- Born: 1 July 1919 Norderhov, Norway
- Died: 14 July 1989 (aged 70)
- Education: University of Oslo; University of Minnesota; Paris-Sorbonne University;
- Occupations: Pharmacist, drug expert and inventor
- Awards: Order of St. Olav

= Olav Brænden =

Norwegian pharmacist, drug expert and inventor

Olav Johan Brænden (1 July 1919 – 14 July 1989) was a Norwegian pharmacist, drug expert and inventor. He led the construction and operation of the central laboratory for drug research at the United Nations Office at Geneva. He is also associated with his development of the patented medicine Brændens nesedråper (nose droplets).

He was born at Norderhov (now Ringerike) in Buskerud, Norway. He was the son of Johan Brandenen (1869-1952) and Anne Juvkam (1873-1953).

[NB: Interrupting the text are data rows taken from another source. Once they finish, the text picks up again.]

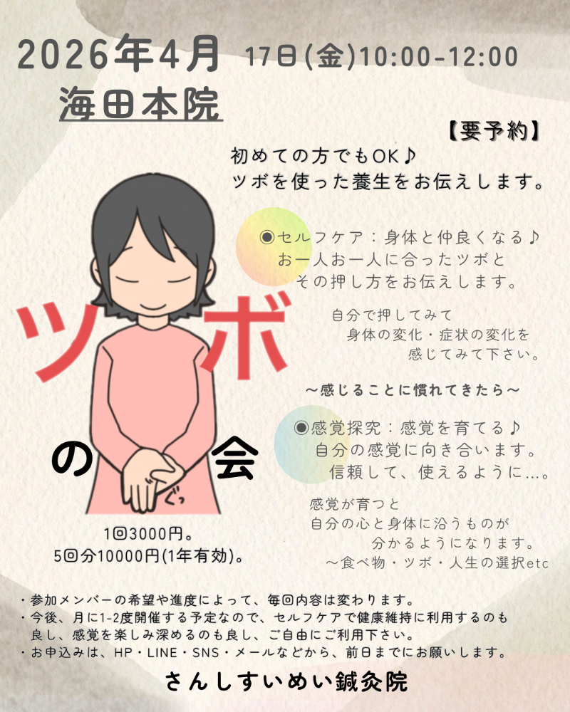 ツボを使った養生&感覚探究の会です。月1-2回の開催。毎回参加者により内容変わります。◉セルフケア:お一人お一人に合ったツボと、その押し方をお伝えします。◉感覚探究:自分の感覚に向き合います。感覚への信頼を育て、身体に合うツボを見つけたり、心に沿う選択ができるようにサポートします。▪️日時:4/17(金)10:00-12:00▪️場所:広島/海田本院にて▪️参加費:1回3000円・5回分10000円※初めての方OK。要予約(前日まで)。
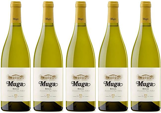 Viura, Garnacha blanca y Malvasía de Rioja. La añada 2022 de Muga Blanco presenta un bonito color amarillo pajizo. Permanece durante 4 meses en las barricas, realizando 2 battonagges por semana durante los primeros meses y uno diario en el último mes. En nariz se muestra como un vino complejo, donde aparecen notas cítricas, tales como limón, pastel de limón, aromas florales de fruta de hueso e, incluso, notas de vainilla. En boca, destaca por su acidez bien equilibrada. Estamos ante un vino potente donde vuelven las notas a cítricos, florales y de fruta de hueso con un final muy largo.
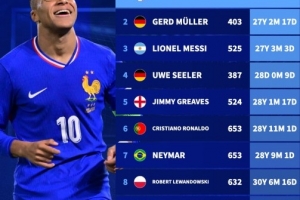 1、姆巴佩(537場):26歲10個(gè)月24天
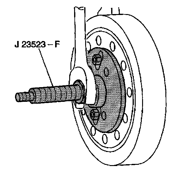 5. Use the J 23523-F in order to press the crankshaft balancer onto the crankshaft.
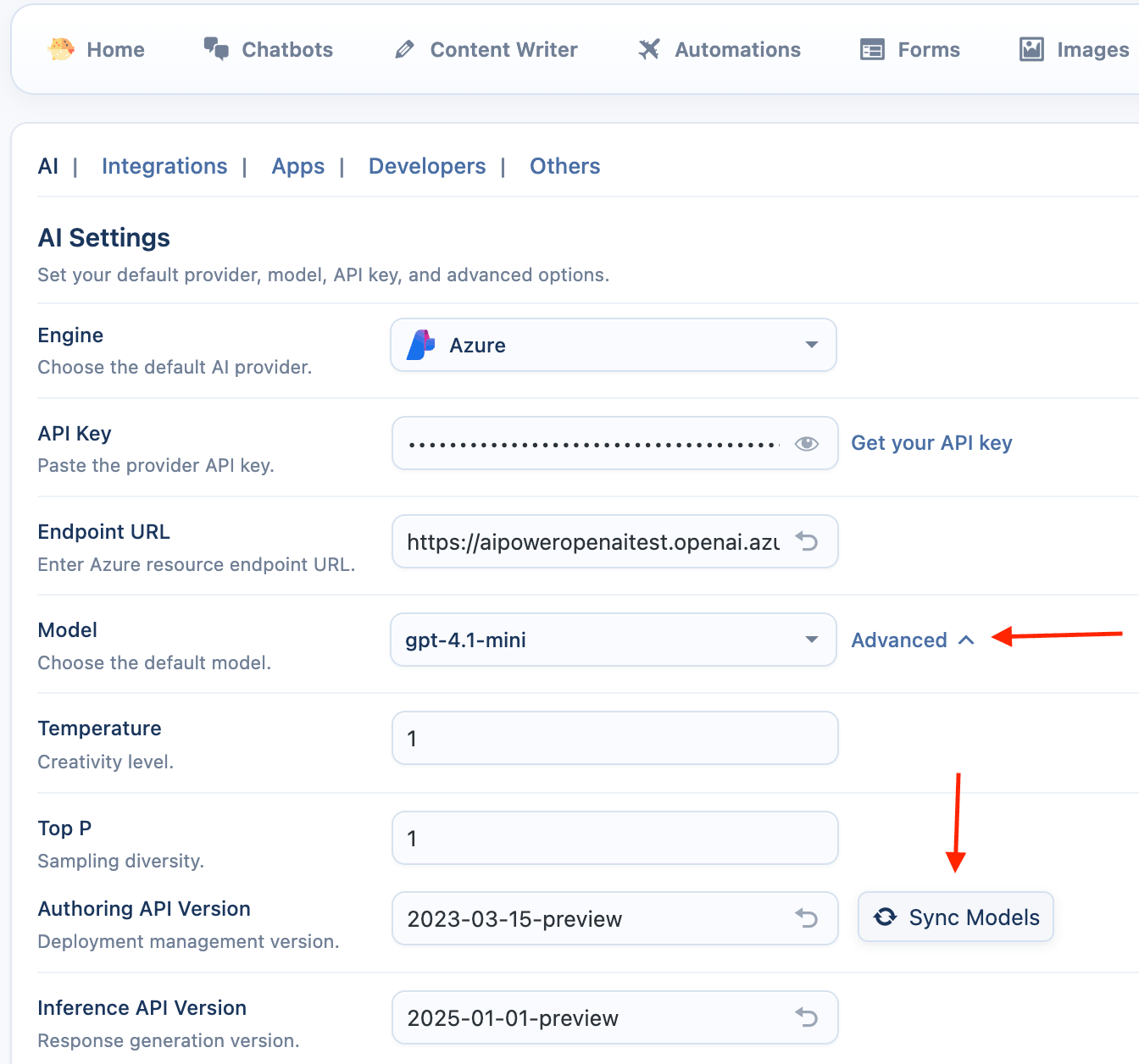 - Sync Deployments: For Azure, the "Sync" button fetches your Deployments, not the base models. You must first deploy a model (e.g., gpt-4o) in Azure to have it appear in the list.
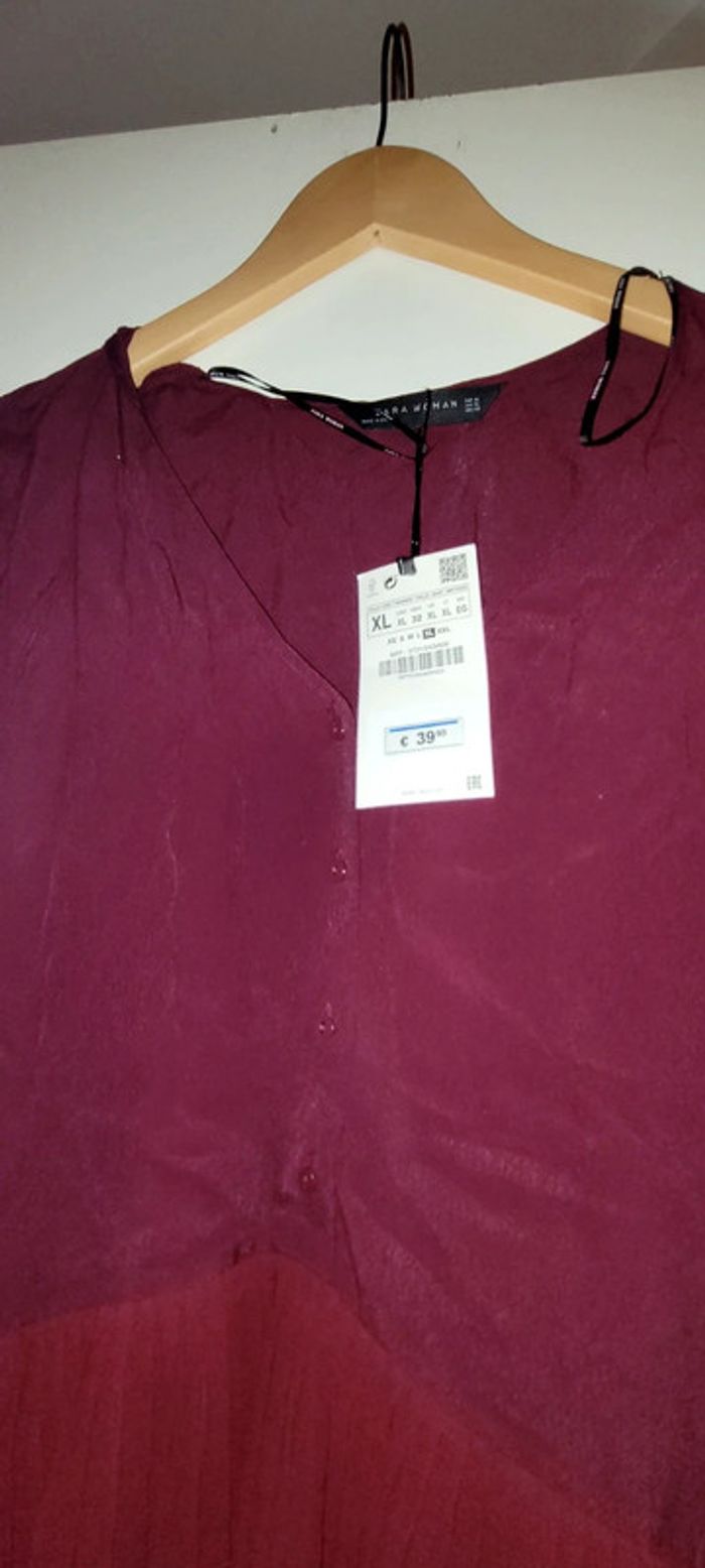 Robe Zara bordeaux plissée neuve avec étiquette idéale fêtes taille 42 - photo numéro 2

During the 1950s his interests centered on drug-related questions.
Brænden studied pharmacy at the University of Oslo, and graduated as pharmaceutical chemist in 1942. During the German occupation of Norway, he was arrested in 1944 for involvement in illegal work and led to Grini where he remained until the end of World War II.

In 1947, he went to the University of Minnesota where he graduated in 1950. He worked on drug issues at the National Institute of Health in Bethesda, Maryland from 1951 until 1953. He then was Social Affairs Officer at the United Nations headquarters in New York City for two years. He subsequently studied at the Paris-Sorbonne University in Paris and at the Institute de la Médecine Tropicale in Bondy. From 1955 he led the development of the United Nations drug laboratory in Geneva. He served as Director of the laboratory and was also head of the United Nations Research Program on Drugs until his retirement in 1979.

He was decorated Knight, First Class of the Order of St. Olav in 1980. He was made a member of the Norwegian Academy of Sciences from 1983.